Applications and intended use

Each technique meets different needs and is applied in specific areas.

When to choose knitwear

Knitwear is ideal for garments that require:

  • softness and comfort
  • elasticity and adaptability
  • freedom of movement

Typical applications:

  • t-shirts, polos and tops
  • sweaters, cardigans and turtlenecks
  • loungewear, sportswear and activewear

When to prefer fabric

The fabric is more suitable for garments that need:

  • structure
  • Line accuracy
  • dimensional stability

Typical applications:

  • shirts and pants
  • tailored blazers, jackets and outerwear
  • technical clothing and accessories

In a complete wardrobe, the two categories coexist:
knitwear dresses the body, the fabric defines its shape.
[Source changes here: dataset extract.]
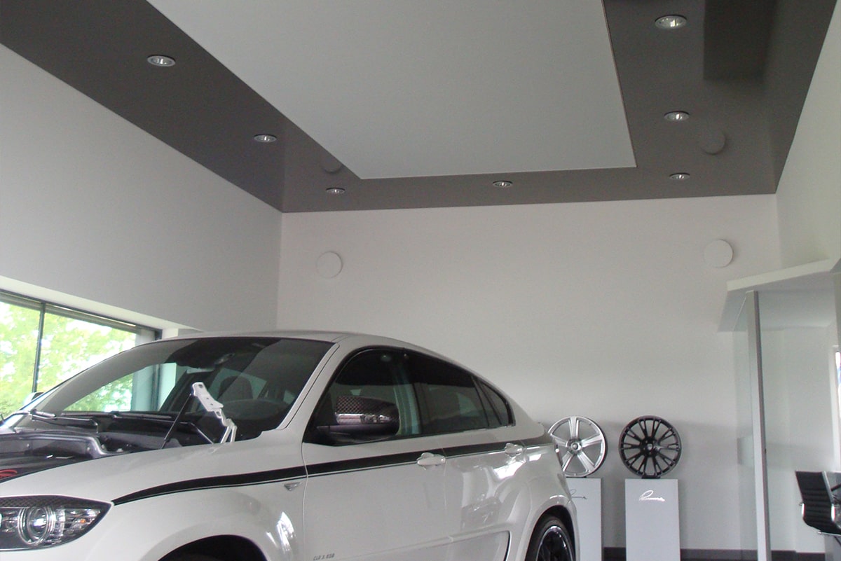 - Gestaltung des Showrooms mit Spanndecken in Matt und Glanz, in Kombination mit Lichtdecken.

Sustainability and production cycle

One of the most significant advantages of knitwear is the possibility of developing garments Low or no waste, especially when using techniques such as Full-fashioned or Wholegarment.
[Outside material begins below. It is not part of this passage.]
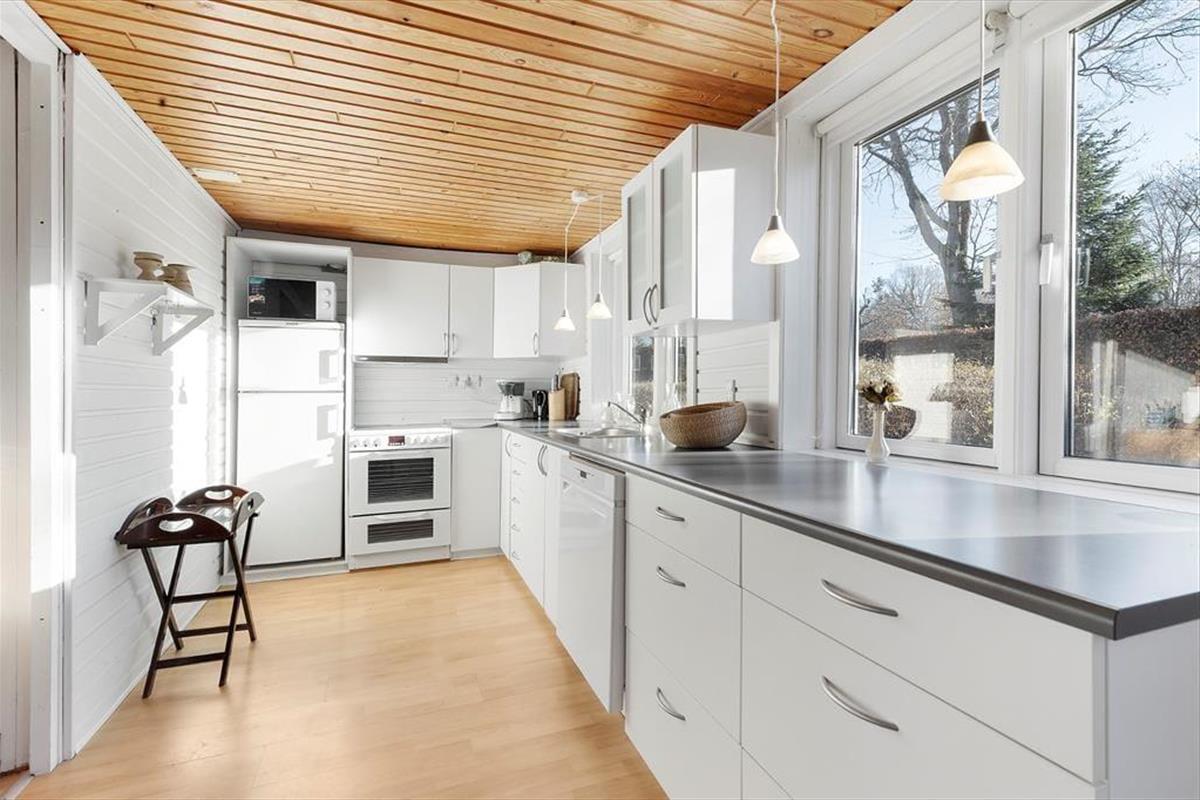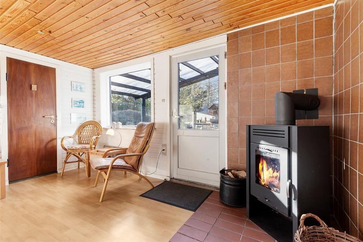 Vakantiehuis in Fjellerup strand og by, Oost-Jutland, met plaats voor 3 volwassenen, 2 kinderen en 2 huisdieren. De woning heeft een gezellig interieur met o.a. een houtkachel, en beschikt daarnaast over een vaatwasser.

In these cases, the panel - or even the entire garment - is produced directly in the final shape, without the need for cutting, drastically reducing the waste of material.
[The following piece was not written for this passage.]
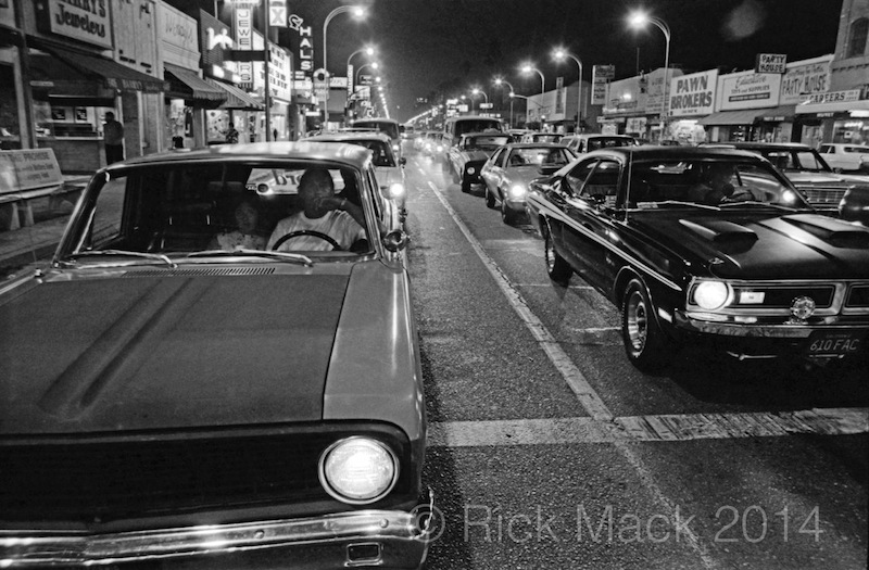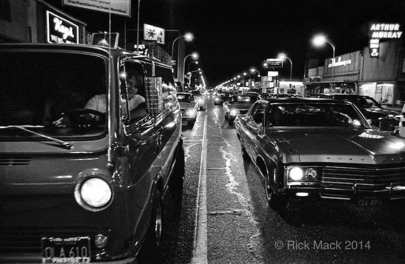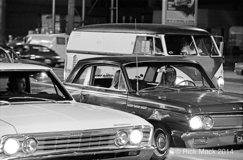 Purely by happenstance, I discovered the new resurgence and wonderful energy levels of the evening car culture on Van Nuys Boulevard during the late spring of 1972. Since I had just completed several years of photography in the Art Department of California State University at Northridge, I now had the photographic skills I would need. It was an easy step to assign myself the task of capturing what I could of the essence of the boulevard scene with a camera. This might also be great fun, after all, I grew up cruising that boulevard.

The fabric, on the other hand, always requires a step of cutting and placing models, which inevitably generates waste and a greater consumption of resources.

With a view to circular and responsible design, knitwear represents one of the most efficient solutions consistent with the principles of Contemporary Made in Italy.

Conclusion

Knitwear and fabric are not alternatives, but complementary production approaches.
The first is fluid, adaptable and dynamic.
The second is structured, stable and defined.

Knowing the differences means designing more consistent, functional and sustainable garments, avoiding technical choices that can compromise quality, time and costs.

In Max Company Every day we combine research, innovation and tradition to transform yarn into tailor-made solutions for high-end brands.
From concept to final production, we support designers and product developers in the development of knitwear collections that combine creative value and operational reliability.

Do you want to learn more?

Find out how our team can support you in the technical-creative development of your next knitwear collection.

Mano che disegna uno schizzo di un capo di maglieria su carta con una matita brandizzata "Max Company". Sullo sfondo, un grande rocchetto di filato giallo.